Last year I used a Delia Smith recipe but this time I spotted one in the Asda magazine so thought I’d give it a go.
And, despite almost forgetting to add the flour and somehow accidentally stopping my timer halfway through, leaving me to guess when it was ready, it looks pretty good – albeit slightly darker than the cake in the photograph!

In case you’re looking for a recipe, here’s the one I used:

-200g butter;
-200g dark brown soft sugar;
-1tbsp black treacle;
-4 medium eggs;
-100g glacé cherries;
-2tsp mixed spice;
-900g Whitworths fruit mix;
-finely grated zest of one lemon and one orange;
-225g plain flour, sifted;
-50g ground almonds;
-50g flakes almonds (although I decided not to use these);
-50ml rum or brandy (I chose brandy, French to be precise!)
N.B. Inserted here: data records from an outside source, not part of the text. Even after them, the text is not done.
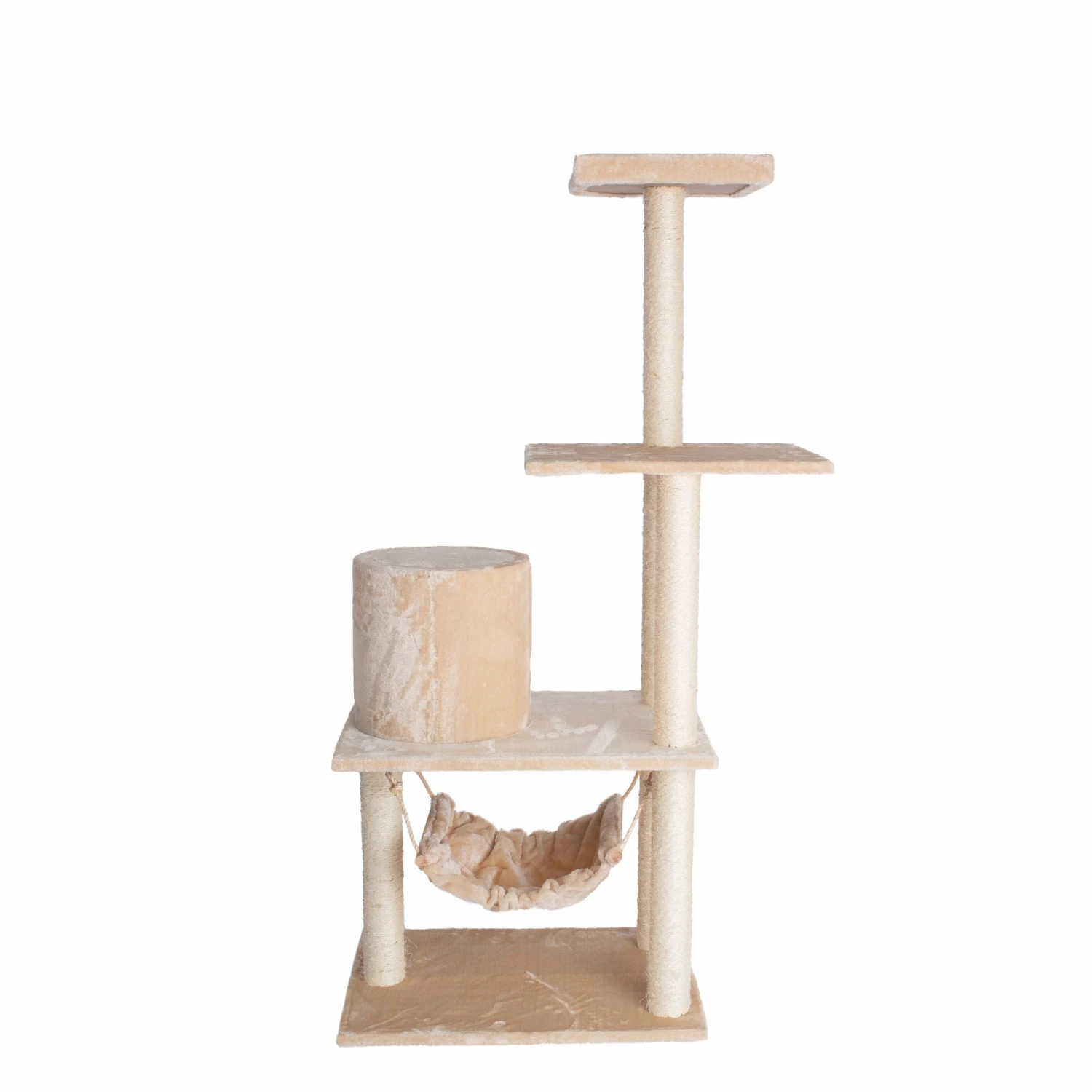GleePet GP78590221 59-Inch Cat Tree In Beige With Hammock And Round Condo
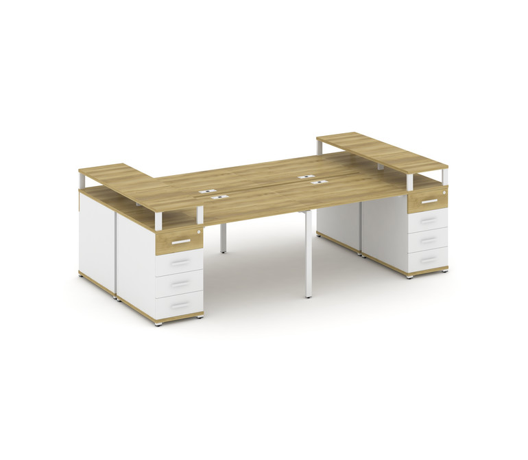 Concept Рабочая станция 4 места с 2 опорными тумбами CN.DRS-441 W Дуб Винченцо/Белый Бриллиант/Метал
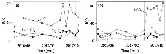 Variations in the interquartile ranges (IQR) of (a) major cations and (b) anions in groundwater in the area upstream of the Juksan weir, except within the oxbow lake.
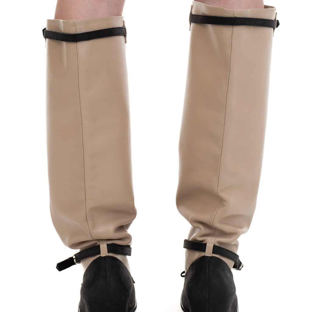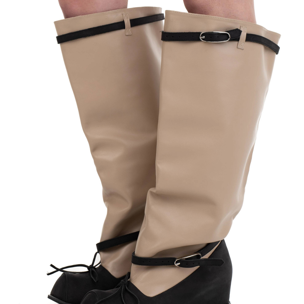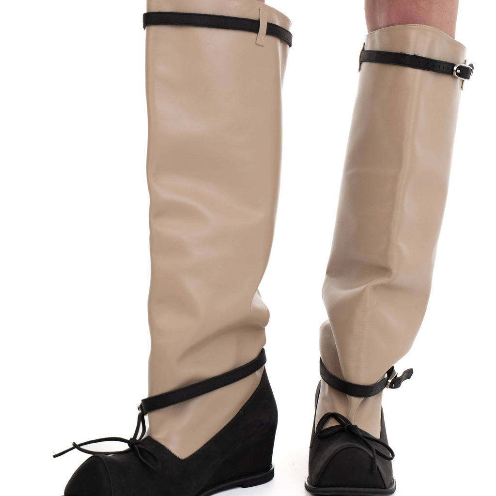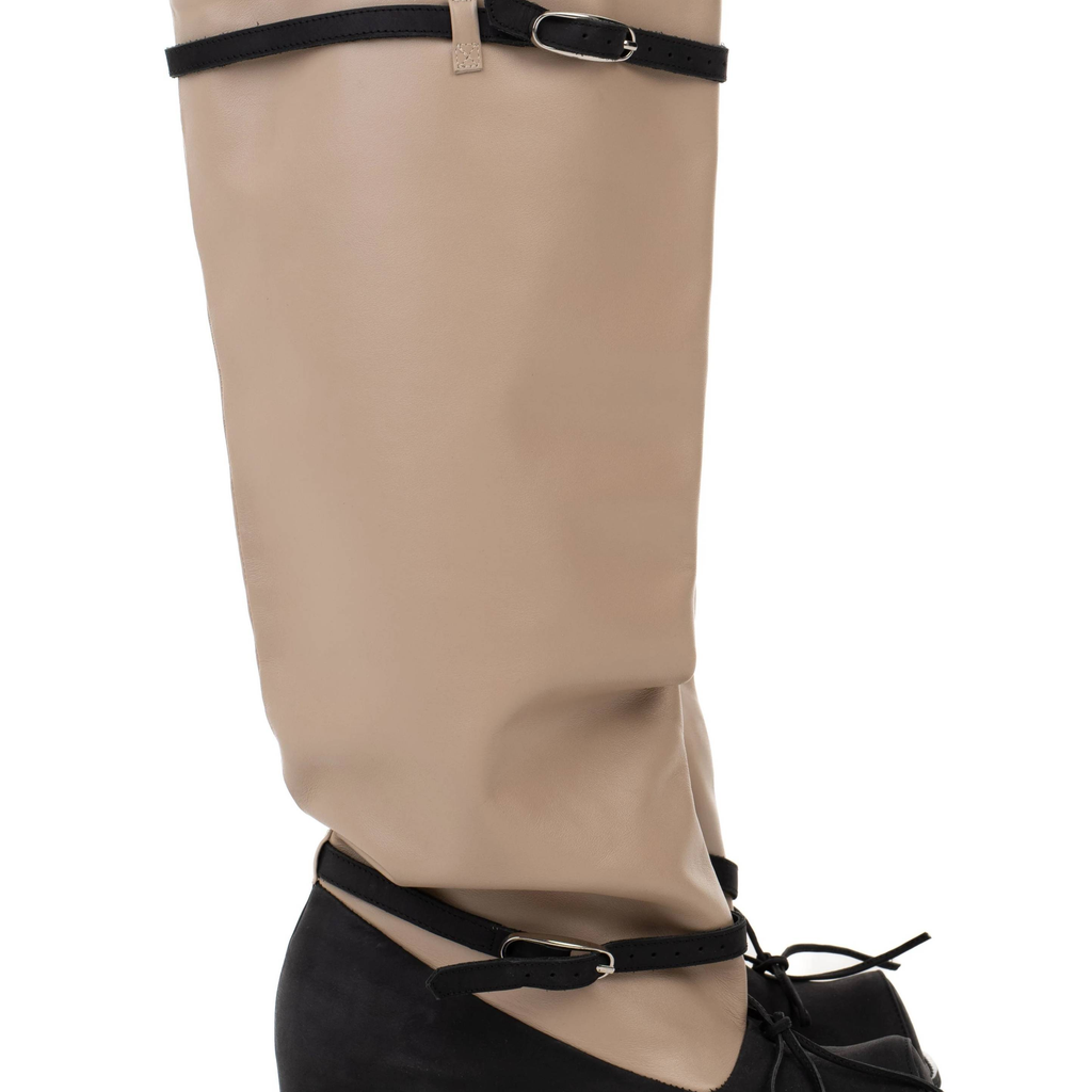 Hofa boots in Beige, leather construction, knee-high, adjustable pin-buckle strapdetailing, squared toe, self-tie detailing, wedge heel, rubber sole. Can by styled and foldedin different ways. Square toe. Covered wedge heel with rubber injection. Rubber sole. 100% genuine leather lining. Rubber sole

1. Preheat oven to 150C and line a 24cm round deep cake tin with treble-thickness baking paper.
2. In a large bowl, beat sugar, treacle and butter until soft.

3. Gradually beat in eggs then quarter the glacé cherries and add to the mixture along with mixed spice, mixed fruit and zest. Stir until combined.

4. Fold in the flour, almonds and rum/brandy then spoon mixture into cake tin and level off the surface.

5. Bake in centre of oven for 2 hours then reduce temperature to 140C and cook for another 1 hour 30 mins or until a skewer inserted into the centre comes out clean.
6. Leave to cool in the tin for an hour then turn out onto wire rack to cool completely.
7. When cool, prick the surface and spoon over 2tbsps rum/brandy. Repeat this step every 2 weeks until ready to ice.

8. Wrap tightly in greaseproof paper and foil and store in a cool, dry place for at least a week before icing or eating.